Targeting B-cell lymphoma using genetically modified natural killer T-cells — rather than general T-cells — may be a more effective, cheaper, “off-the-shelf” immunotherapy, a preclinical study suggests.
The study, “Enhanced Anti-lymphoma Activity of CAR19-iNKT Cells Underpinned by Dual CD19 and CD1d Targeting,” was published in the journal Cancer Cell.
Chimeric antigen receptor (CAR) T-cell therapy is currently one of the most promising strategies to fight cancer. It consists of genetically altering T-cells — a type of white blood cell that recognizes foreign molecules through specific membrane receptors — so their receptors specifically recognize and kill tumor cells.
CAR T-cell therapy requires taking blood from the patient, isolating T-cells, changing the cells genetically to attack proteins associated with cancer, and then infusing them back into the patient.
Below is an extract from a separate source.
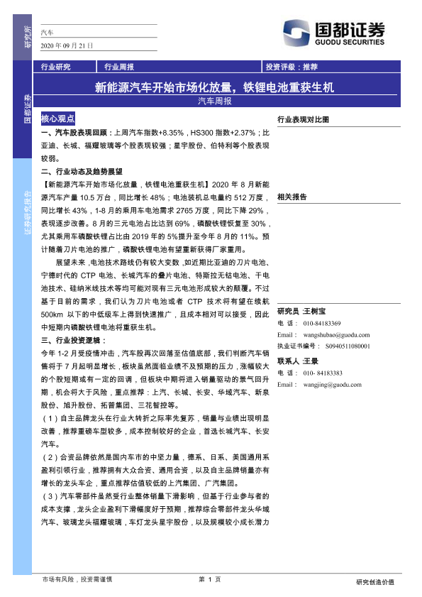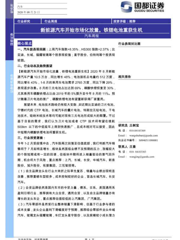 【国都证券】【20200921】汽车周报:新能源汽车开始市场化放量,铁锂电池重获生机-3页

While this approach has shown very positive results in patients with blood cancers who have no other chance of cure, a significant proportion of patients still relapse, highlighting the need to improve the effectiveness of CAR-based immunotherapy.
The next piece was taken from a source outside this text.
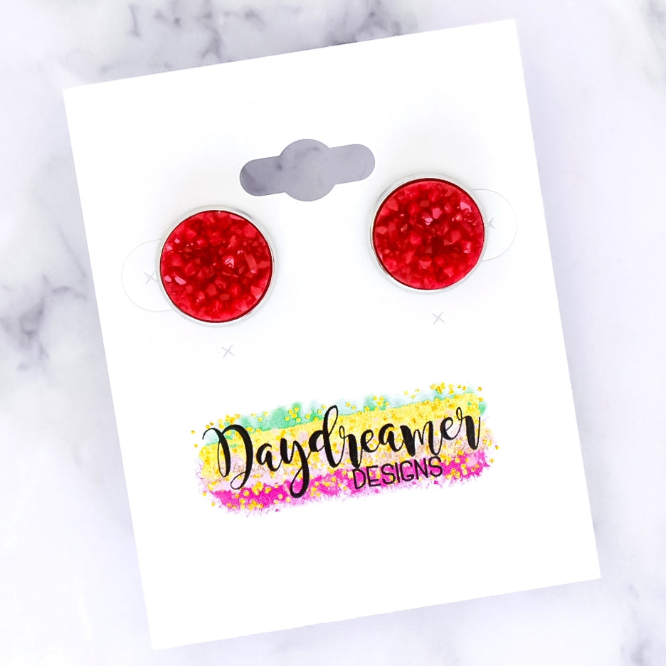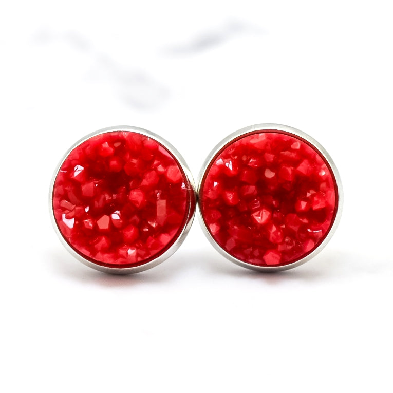 Shown are 12mm stud earrings. This is our most popular size for both adults and kids!

In addition, current CAR T-cell therapies are very expensive — about $400,000 per patient — and time-consuming, since they are mainly developed from the patient’s own cells to prevent immune reactions against the cell therapy.
Using the same approach but with natural killer T-cells (NKT) may solve these issues. This subpopulation of T-cells have an intrinsic anti-tumor activity and have been shown to suppress immune reactions against stem cell transplants from donors other than the patients themselves.
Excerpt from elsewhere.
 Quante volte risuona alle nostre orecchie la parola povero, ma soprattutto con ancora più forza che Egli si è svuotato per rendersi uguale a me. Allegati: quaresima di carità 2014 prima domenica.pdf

CAR T-cell therapy against B-cell cancers has mainly been based on the addition of a receptor against CD19, a protein highly present in the cell surface of malignant and healthy B-cells.
NKT cells already have a receptor that recognizes a protein present in many subtypes of malignant B-cells — called CD1d — and the addition of a modified receptor that recognizes CD19 could potentially enhance an immune response against malignant B-cells.
Researchers at Imperial College London and King’s College London evaluated whether this approach, called CAR19-iNKT therapy, led to better results in fighting B-cell lymphoma than similar CAR-T therapy (CAR19-T-cell therapy). Their work was funded by the U.K. blood cancer charity Bloodwise.
First, they developed an optimized protocol to produce CAR19-iNKT cells, which required fewer cells to be modified before being expanded, and less reagents during the process of genetic modification, which is expected to significantly reduce the overall cost of their production.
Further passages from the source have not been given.